----- SUPPLIED MATERIAL

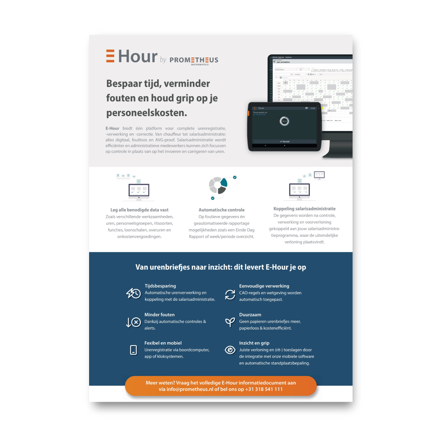 Wil je meer informatie over E-Hour? Download dan vrijblijvend ons informatiedocument. Voor aanvullende vragen over het document of het product, neem gerust contact op met ons.
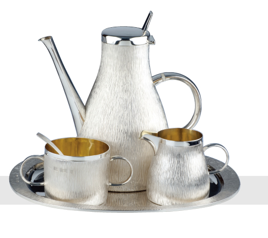 COFFEE SERVICE and tray with superb bark effect texturing that almost looks opaque. All the serving pieces and the tray are hand-raised and the sugar spoon is hand-wrought. London 1983.
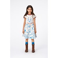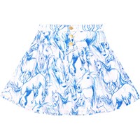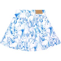 Witte spijkerrok met een print van blauwe handgetekende paarden. Het heeft een mooie bovenstuk die aan de voor- en achterkant in een punt uitloopt en een wijde geplooide rok. Het is knielang en heeft een knoopsluiting. De tailleband is verstelbaar met een elastiek aan de binnenkant, zodat het bij de meeste kinderen perfect past. Maten 92 t/m 134 hebben een knoopsluiting om het makkelijk aan te trekken, terwijl maten 140 t/m 176 een gewone jeansknoop hebben.
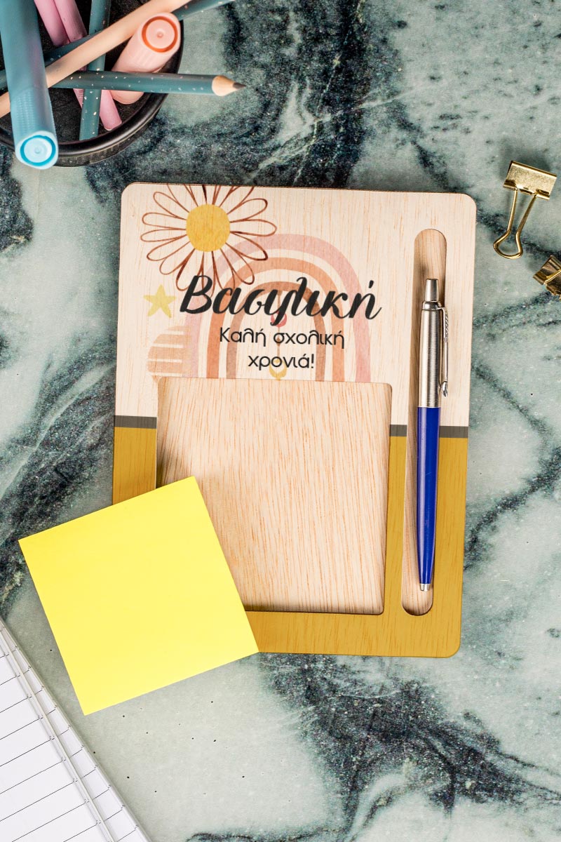 Οι προσωποποιημένες βάσεις οργάνωσης σχεδιάζονται ειδικά για να προσφέρουν ευκολία και πρακτικότητα. Διαθέτουν ειδικές θήκες για χαρτάκια post it, ώστε να μπορείτε να κρατάτε τις σημειώσεις σας οργανωμένες και εύκολα προσβάσιμες. Επιπλέον, προσφέρουν χώρους αποθήκευσης για τα στυλό και άλλα εργαλεία γραφής, επιτρέποντάς σας να τα έχετε πάντα στο χέρι σας.

----------

WHAT IS NEEDED » Reproduce all of the data exactly; the pictures do not belong in the copy.

RESPONSE TO THE EXERCISE »
 Wil je meer informatie over E-Hour? Download dan vrijblijvend ons informatiedocument. Voor aanvullende vragen over het document of het product, neem gerust contact op met ons.
 COFFEE SERVICE and tray with superb bark effect texturing that almost looks opaque. All the serving pieces and the tray are hand-raised and the sugar spoon is hand-wrought. London 1983.
 Witte spijkerrok met een print van blauwe handgetekende paarden. Het heeft een mooie bovenstuk die aan de voor- en achterkant in een punt uitloopt en een wijde geplooide rok. Het is knielang en heeft een knoopsluiting. De tailleband is verstelbaar met een elastiek aan de binnenkant, zodat het bij de meeste kinderen perfect past. Maten 92 t/m 134 hebben een knoopsluiting om het makkelijk aan te trekken, terwijl maten 140 t/m 176 een gewone jeansknoop hebben.
 Οι προσωποποιημένες βάσεις οργάνωσης σχεδιάζονται ειδικά για να προσφέρουν ευκολία και πρακτικότητα. Διαθέτουν ειδικές θήκες για χαρτάκια post it, ώστε να μπορείτε να κρατάτε τις σημειώσεις σας οργανωμένες και εύκολα προσβάσιμες. Επιπλέον, προσφέρουν χώρους αποθήκευσης για τα στυλό και άλλα εργαλεία γραφής, επιτρέποντάς σας να τα έχετε πάντα στο χέρι σας.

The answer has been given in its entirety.